- Opening Delimiter -

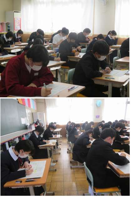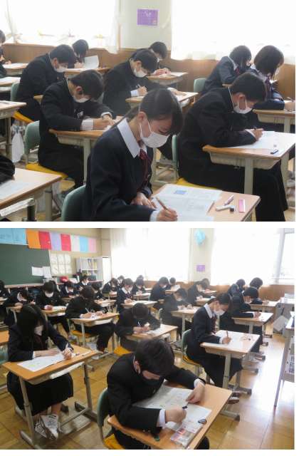 今年度、1学期の中間テストは実施しません。その代わりに2年生の内容を含んだ実力テストを実施しています。理科、英語、国語、社会、数学の順です。頑張ってください。
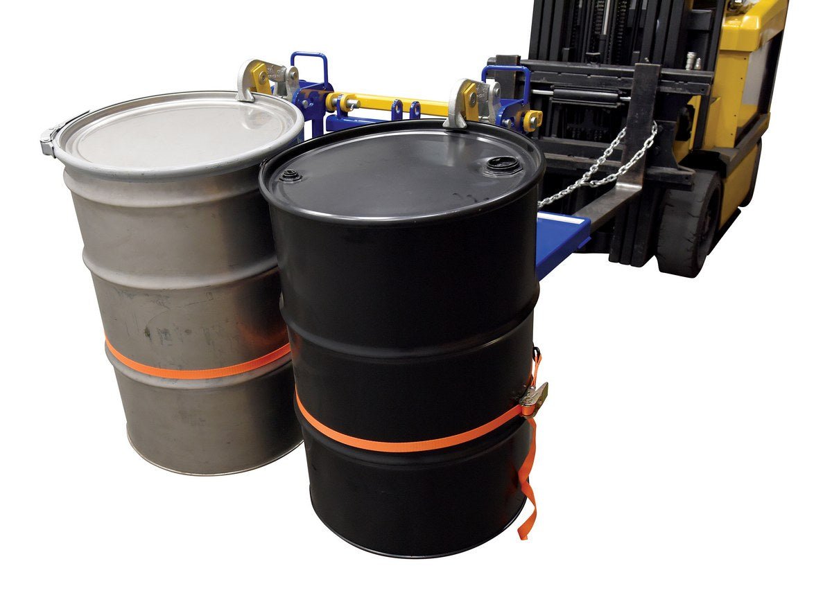 For use with open (lid installed and secured) and closed head 30 and 55-gallon plastic, steel and fiber drums with a top lip strong enough to support the weight of the drum. Choose single-drum or double-drum configuration. Includes safety restraint to secure unit to the fork truck. Welded steel construction. Powder coat finish for baked in powder-coated toughness. Fork pockets measure 7-1/2" wide x 2-1/2" high usable on 20-1/2" centers. A ratchet strap is supplied to secure the drum to the unit when traveling over rough terrain. Additonal or replacement ratchet straps available, contact factory. Meets OSHA 1910-178 requirements.
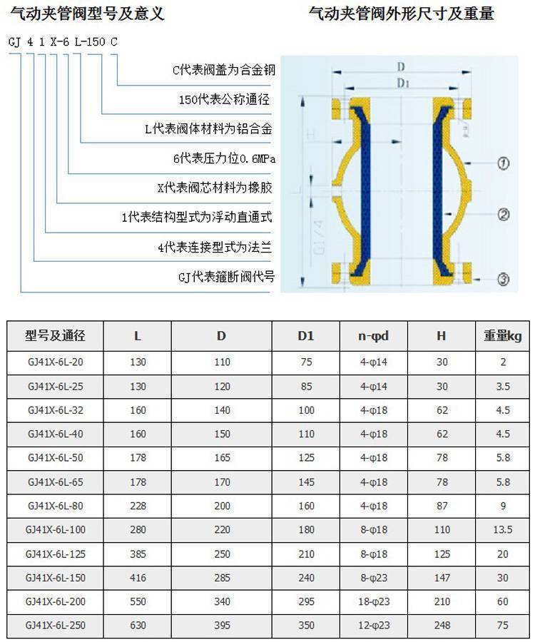 四川阀门销售 气动铸铁法兰夹管阀GJ641X-10
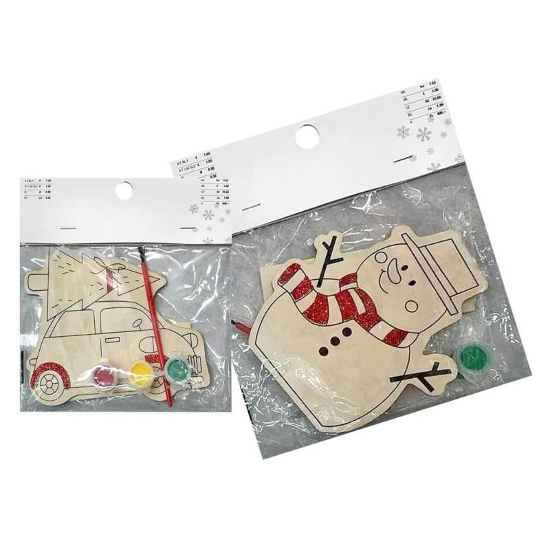 Σετ από Ξύλινο Στολίδι σε Φυσικό Ξύλο που συνοδεύεται από μπογιές και πινελάκι. Φανταστική Ιδέα για Δωράκι σε Πάρτυ, Γενέθλια κλπ
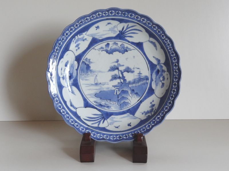 山水図が描かれた 江戸時代の古伊万里 染付皿です
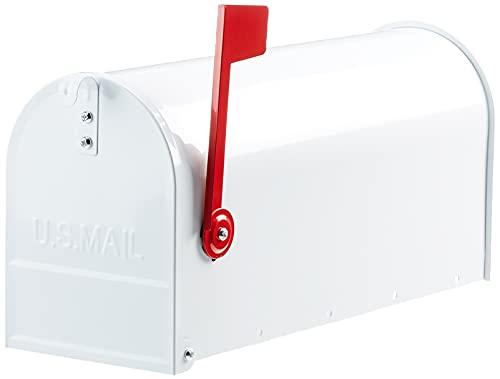 Wiltec Kit Boîte aux Lettres américaine et Support Mural, 180 x 220 x 480 mm, Blanche, Acier galvanisé, Boîte Postale US Mailbox avec Fanion Rouge

- Closing Delimiter -

## About this exercise
All that is required is an exact reproduction of the lines from the one containing "Σετ από Ξύλινο Στολίδι" to the final line of the listing above, pictures omitted.

## Answer to this task
 Σετ από Ξύλινο Στολίδι σε Φυσικό Ξύλο που συνοδεύεται από μπογιές και πινελάκι. Φανταστική Ιδέα για Δωράκι σε Πάρτυ, Γενέθλια κλπ
 山水図が描かれた 江戸時代の古伊万里 染付皿です
 Wiltec Kit Boîte aux Lettres américaine et Support Mural, 180 x 220 x 480 mm, Blanche, Acier galvanisé, Boîte Postale US Mailbox avec Fanion Rouge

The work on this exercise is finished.